Wirtschaft und Infrastruktur – Ein starker Standort

Dank seiner hervorragenden Verkehrsanbindung – direkt an der Bundesstraße 80 und mit guter Autobahnanbindung – präsentiert sich Salzatal als attraktiver Wirtschaftsstandort. Die Ortschaft Bennstedt hat sich durch diese Infrastruktur zum wirtschaftlichen Zentrum der Gemeinde entwickelt, mit zahlreichen mittelständischen Unternehmen und Arbeitgebern. Die Zappendorfer Wurstmacher, einer der größten regionalen Arbeitgeber mit 31 Filialen, haben hier ihre Wurzeln und prägen die Lebensmittelhandwerkstradition seit Generationen. Nur 17 Kilometer trennen Salzatal von Halle, und die direkte Nähe zum Saale-Hafen bietet ideale Voraussetzungen für Pendler und Unternehmer mit großen Ambitionen.

Bildung und Ausbildung

Die Berufsbildenden Schulen des Saalekreises bilden Fachkräfte in rund 70 Berufen und Fachrichtungen aus. Salzatal liegt im Einzugsgebiet dieser Schulen und profitiert von dualen Ausbildungsplätzen bei regionalen Unternehmen. Die Grundschule in Beesenstedt sowie weitere Schulstandorte in der Gemeinde sichern die Bildungsversorgung für Familien. Eine starke Wirtschaft und engagierte Ausbildungsbetriebe schaffen stabile Karrierechancen für junge Menschen – besonders in den Bereichen Metallbau, Handwerk, Fahrzeugtechnik und Lebensmittelverarbeitung.

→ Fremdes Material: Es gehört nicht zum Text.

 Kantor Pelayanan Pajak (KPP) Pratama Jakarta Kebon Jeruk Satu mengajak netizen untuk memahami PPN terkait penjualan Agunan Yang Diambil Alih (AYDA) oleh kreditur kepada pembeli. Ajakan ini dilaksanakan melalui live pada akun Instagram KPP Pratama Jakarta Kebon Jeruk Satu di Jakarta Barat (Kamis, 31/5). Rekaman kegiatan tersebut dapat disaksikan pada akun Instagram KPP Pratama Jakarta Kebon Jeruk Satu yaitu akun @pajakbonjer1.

Infrastruktur und Verkehr – Ideale Anbindung

Die Bundesstraße 80 durchquert die Gemeinde und verbindet sie direkt mit Halle sowie den Wirtschaftszentren Mitteldeutschlands. Die Saale ist als Bundeswasserstraße von großer Bedeutung für den Transport – der Hafen Halle liegt nur wenige Kilometer entfernt. Die Nähe zu Halle macht Salzatal zum idealen Wohnort für Pendler, die das Leben in ländlicher Ruhe mit guter Anbindung verbinden möchten. Ein gut ausgebautes Radwegenetz und die Anbindung an regionale Buslinien ergänzen das Mobilitätsangebot.

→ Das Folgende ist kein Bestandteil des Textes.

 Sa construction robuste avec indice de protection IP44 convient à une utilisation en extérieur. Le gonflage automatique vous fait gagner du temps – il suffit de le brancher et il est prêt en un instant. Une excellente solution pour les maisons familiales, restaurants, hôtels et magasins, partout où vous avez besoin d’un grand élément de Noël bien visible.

Vielfalt und Zusammenhalt – Neun Ortschaften, eine starke Gemeinde

Neun eigenständige Ortschaften – Beesenstedt, Bennstedt, Fienstedt, Höhnstedt, Kloschwitz, Lieskau, Salzmünde, Schochwitz und Zappendorf – haben sich 2010 zur Einheitsgemeinde Salzatal zusammengeschlossen. Jede Ortschaft bewahrt ihren eigenen Charakter und ihr Leitbild. Lieskau ist als barrierefreier Wohnstandort für alle Generationen bekannt und erlebte durch große Wohnprojekte einen dynamischen Aufschwung. Bennstedt entwickelte sich zum Sportzentrum mit Mehrzweckhalle, Freiluftsportanlagen und Fitnessparcours. Die Vielfalt der Gemeinde zeigt sich in Kirchen, Vereinen, Bürgerinitiativen und ehrenamtlichem Engagement – lebendig, authentisch und nachbarschaftlich.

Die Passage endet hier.